If anyone wants to use, here it is: https://github.com/rafaelpadilla/Object-Detection-Metrics

5 Likes

Do you calculate mAP after non-max suppression or before? As this would greatly affect the numbers of TP/FP that are used to calculated precision/recall values.

Thanks. This is another simple explanation,

I’ve read @daveluo and @sgugger’s notebooks thoroughly, and I was very surprised to see that they calculated AP by varying the predicted-class-confidence threshold. Why does that work? I can’t find any references to that method in any of the resources. It was my understanding that we had to set the class confidence threshold to around zero, including many false positives but not affecting the overall score very much (because they come in at the tail).

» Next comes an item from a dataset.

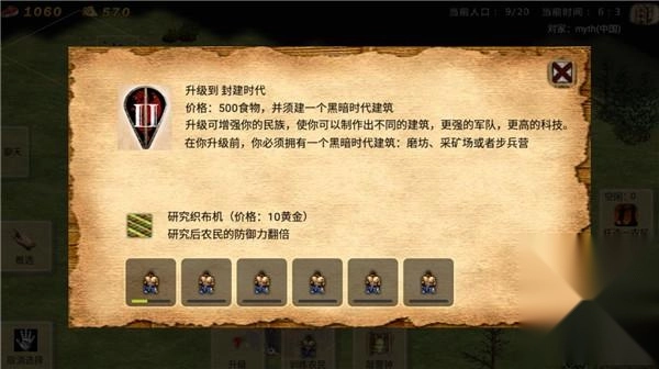 点击市政厅,可以造农民以及点击图标即可升级科技

Here’s the image of a PR curve that Dave used above, but I’ve included the text in the article directly above it. It seems to me that this says we need to relax the class confidence threshold to near-zero to calculate mAP:

I realized that the code those gents wrote does exactly what I thought it should, but in reverse! The “textbook” method of sorting preds by conf desc to build the PR curve starts by basically finding the left-most point on the PR curve, but the method in the notebook starts by finding the right-most point.